Well, theoretically, yes. I think one of the advantages that the production builders, the big builders have a lot of advantages. But one of their, I think, key advantages going into '24 is their land position. I think you saw what happened in '23 is a lot of the regional local guys used up a lot of their land position and now are in a spot where they maybe don't have -- even though the demand might be there, they might not have the land to build. Now, I need to be -- to clarify something. I don't want to be super negative on the regional and local guys because we -- they are the largest part of our business. They're still very constructive and positive. And we're very pleasantly surprised that they're as constructive and positive as they are just given the environment.But if the Fed, as I think most people are expecting, does decide to lower rates in the back half of the year, I do think it continues to be good for housing.
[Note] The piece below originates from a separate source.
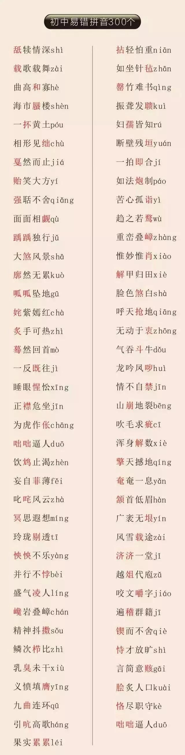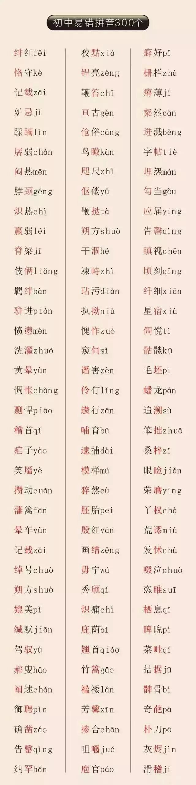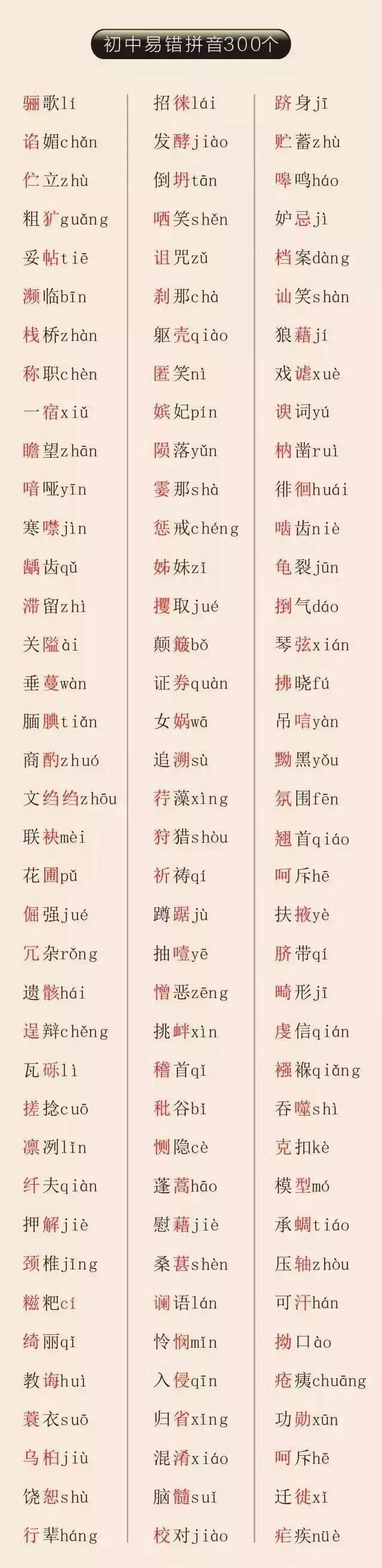所以总结了初中考试最易出错的300个字词读音,大家经常复习,争取在考试中不丢分!
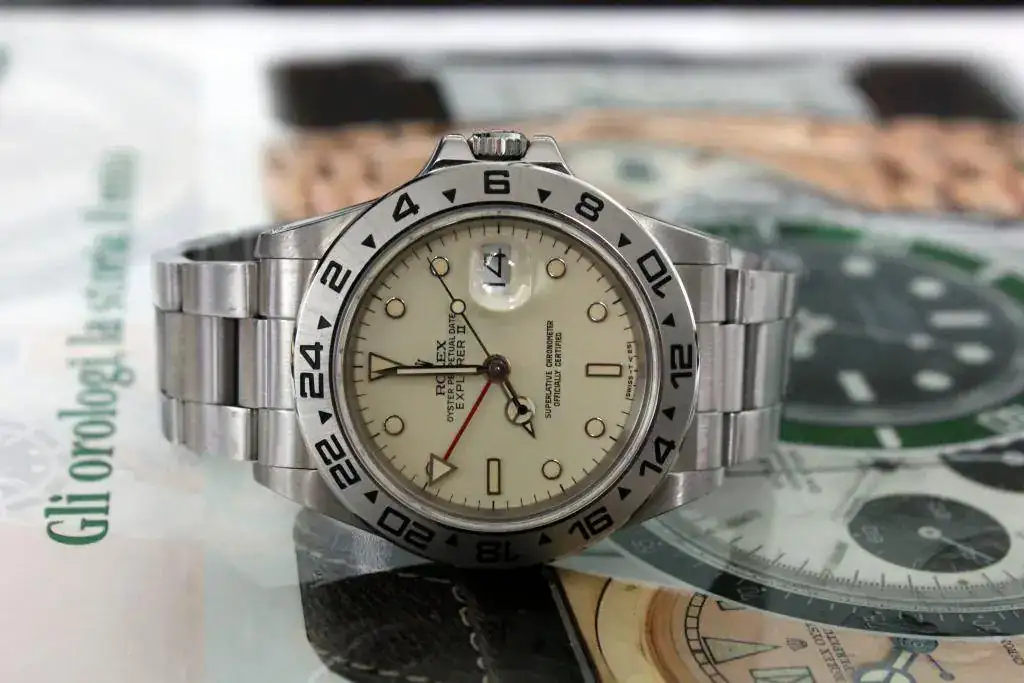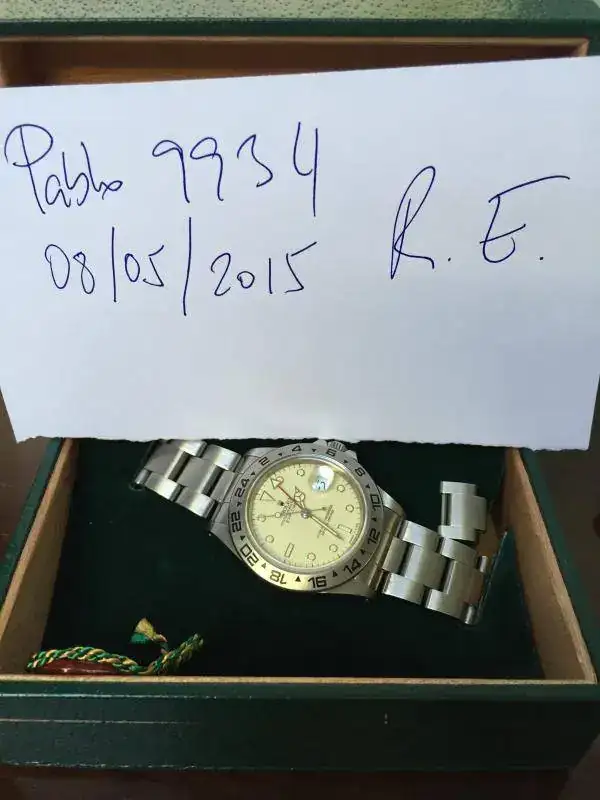 A la venta este precioso Rolex Explorer 16550 "Cream Dial" de 1985. Preciosa pátina, estado impecable y con su brazalete 78360/501. Cajas, garantía original, hangtag lacre, traducción, booklet, factura revisión oficial Rolex de 2001 y su certificado de garantía correspondiente.

I don't think they're going to lower rates enough that it really unlocks the 3% mortgages that so many people with existing homes have that it's going to present a competitive alternative, if you will, to new home construction. And quite frankly, even if it does, the demand for housing is solid. And I think there's plenty of room for both the existing home market and the new home market given the availability or the demand for housing. Quite frankly, it's a healthier environment when for housing affordability when you have a more historical mix of existing homes and new homes. Right now, as we mentioned in our prepared remarks, I mean, the new home sales as a percentage of overall home sales is at a very high level because of the things that we all know about on this call.

Operator

Thank you. Ladies and gentlemen, that concludes our question-and-answer session. I'll turn the floor back to Mr. Edwards for final comments.

J
Jeffrey Edwards
executive

Thank you for your questions and I look forward to our next quarterly call. Thanks.

Operator

Thank you. This concludes today's conference call. You may disconnect your lines at this time. Thank you for your participation.